• **DATA SHOWN**
-*-

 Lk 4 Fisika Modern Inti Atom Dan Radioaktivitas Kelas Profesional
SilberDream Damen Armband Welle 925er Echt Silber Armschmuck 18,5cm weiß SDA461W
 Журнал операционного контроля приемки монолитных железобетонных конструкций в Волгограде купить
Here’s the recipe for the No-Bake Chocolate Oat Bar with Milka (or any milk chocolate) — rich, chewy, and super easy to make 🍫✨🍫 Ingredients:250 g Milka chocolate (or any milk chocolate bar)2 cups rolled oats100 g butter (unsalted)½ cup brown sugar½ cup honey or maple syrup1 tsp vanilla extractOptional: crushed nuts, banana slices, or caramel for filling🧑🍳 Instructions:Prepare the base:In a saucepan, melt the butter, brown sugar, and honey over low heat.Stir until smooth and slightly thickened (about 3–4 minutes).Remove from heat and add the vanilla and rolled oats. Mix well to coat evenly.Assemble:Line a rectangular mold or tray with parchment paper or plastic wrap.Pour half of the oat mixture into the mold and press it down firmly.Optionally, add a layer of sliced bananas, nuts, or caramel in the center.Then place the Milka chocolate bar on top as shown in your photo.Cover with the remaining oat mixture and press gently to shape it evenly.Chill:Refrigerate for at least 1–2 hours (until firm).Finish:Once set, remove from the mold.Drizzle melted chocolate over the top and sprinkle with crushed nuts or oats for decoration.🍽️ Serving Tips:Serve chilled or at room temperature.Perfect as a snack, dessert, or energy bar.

-*-

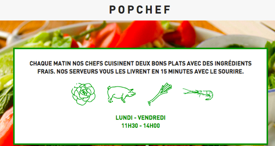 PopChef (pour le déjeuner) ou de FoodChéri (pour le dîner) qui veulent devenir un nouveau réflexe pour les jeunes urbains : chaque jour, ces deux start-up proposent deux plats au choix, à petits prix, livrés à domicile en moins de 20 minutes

-*-

Reproduce exactly the section above that begins at the line containing "Lk 4 Fisika" and ends at the line containing "Here’s the recipe", leaving out all other lines.

 Lk 4 Fisika Modern Inti Atom Dan Radioaktivitas Kelas Profesional
SilberDream Damen Armband Welle 925er Echt Silber Armschmuck 18,5cm weiß SDA461W
 Журнал операционного контроля приемки монолитных железобетонных конструкций в Волгограде купить
Here’s the recipe for the No-Bake Chocolate Oat Bar with Milka (or any milk chocolate) — rich, chewy, and super easy to make 🍫✨🍫 Ingredients:250 g Milka chocolate (or any milk chocolate bar)2 cups rolled oats100 g butter (unsalted)½ cup brown sugar½ cup honey or maple syrup1 tsp vanilla extractOptional: crushed nuts, banana slices, or caramel for filling🧑🍳 Instructions:Prepare the base:In a saucepan, melt the butter, brown sugar, and honey over low heat.Stir until smooth and slightly thickened (about 3–4 minutes).Remove from heat and add the vanilla and rolled oats. Mix well to coat evenly.Assemble:Line a rectangular mold or tray with parchment paper or plastic wrap.Pour half of the oat mixture into the mold and press it down firmly.Optionally, add a layer of sliced bananas, nuts, or caramel in the center.Then place the Milka chocolate bar on top as shown in your photo.Cover with the remaining oat mixture and press gently to shape it evenly.Chill:Refrigerate for at least 1–2 hours (until firm).Finish:Once set, remove from the mold.Drizzle melted chocolate over the top and sprinkle with crushed nuts or oats for decoration.🍽️ Serving Tips:Serve chilled or at room temperature.Perfect as a snack, dessert, or energy bar.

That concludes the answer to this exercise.